● **WORK TO COMPLETE**
Word for word, set down every line of the entries below from the line with "4girls air_hockey animal_ears" to the line with "L’exposé de Koffi", including both, and no other line.

● **PROVIDED RECORDS**
•••••

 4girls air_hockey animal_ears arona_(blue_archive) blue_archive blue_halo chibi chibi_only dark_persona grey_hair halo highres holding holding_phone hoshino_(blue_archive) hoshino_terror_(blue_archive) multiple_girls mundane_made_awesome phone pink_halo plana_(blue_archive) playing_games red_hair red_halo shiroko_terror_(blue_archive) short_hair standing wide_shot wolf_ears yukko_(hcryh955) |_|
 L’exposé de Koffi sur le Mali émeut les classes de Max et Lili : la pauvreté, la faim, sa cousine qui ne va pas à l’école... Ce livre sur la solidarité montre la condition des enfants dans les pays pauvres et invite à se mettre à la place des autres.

•••••

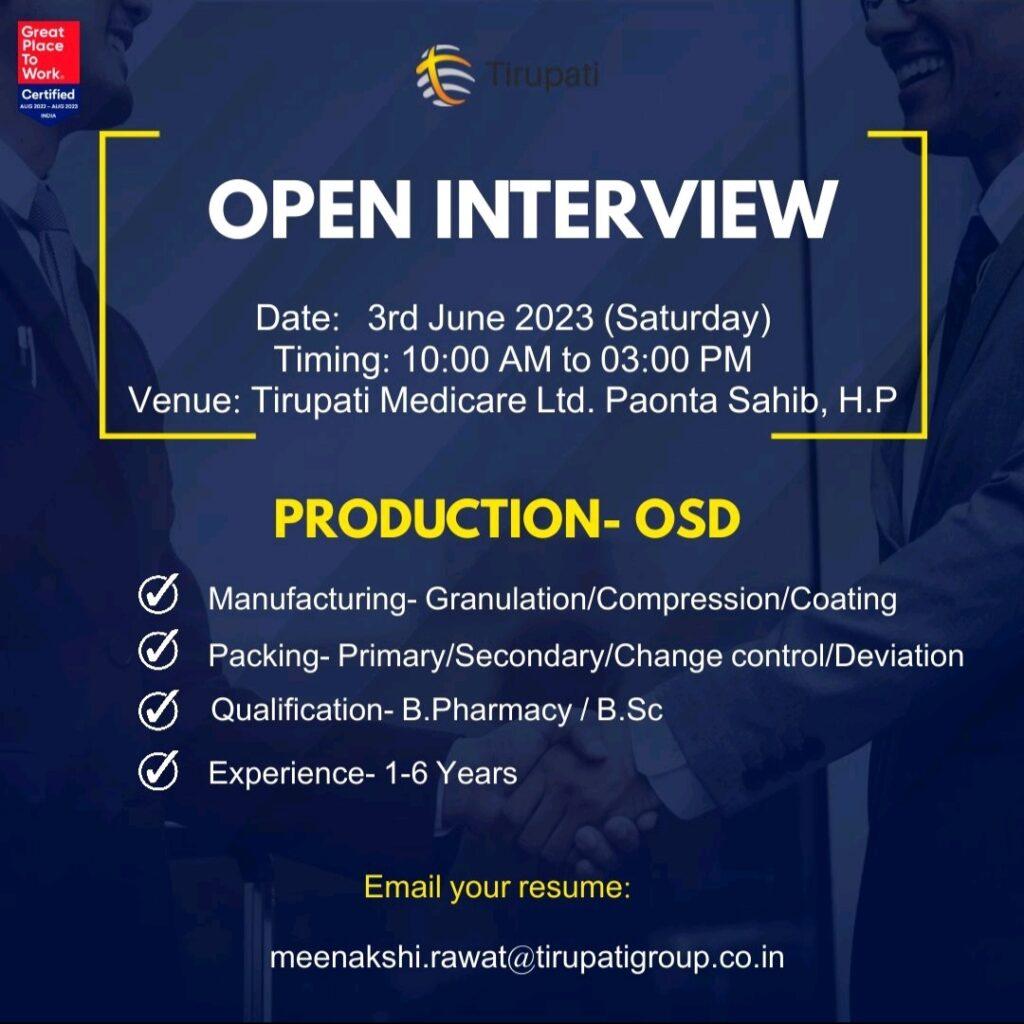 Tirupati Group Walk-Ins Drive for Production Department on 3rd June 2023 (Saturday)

•••••

● **SOLUTION TO THE PROBLEM**
 4girls air_hockey animal_ears arona_(blue_archive) blue_archive blue_halo chibi chibi_only dark_persona grey_hair halo highres holding holding_phone hoshino_(blue_archive) hoshino_terror_(blue_archive) multiple_girls mundane_made_awesome phone pink_halo plana_(blue_archive) playing_games red_hair red_halo shiroko_terror_(blue_archive) short_hair standing wide_shot wolf_ears yukko_(hcryh955) |_|
 L’exposé de Koffi sur le Mali émeut les classes de Max et Lili : la pauvreté, la faim, sa cousine qui ne va pas à l’école... Ce livre sur la solidarité montre la condition des enfants dans les pays pauvres et invite à se mettre à la place des autres.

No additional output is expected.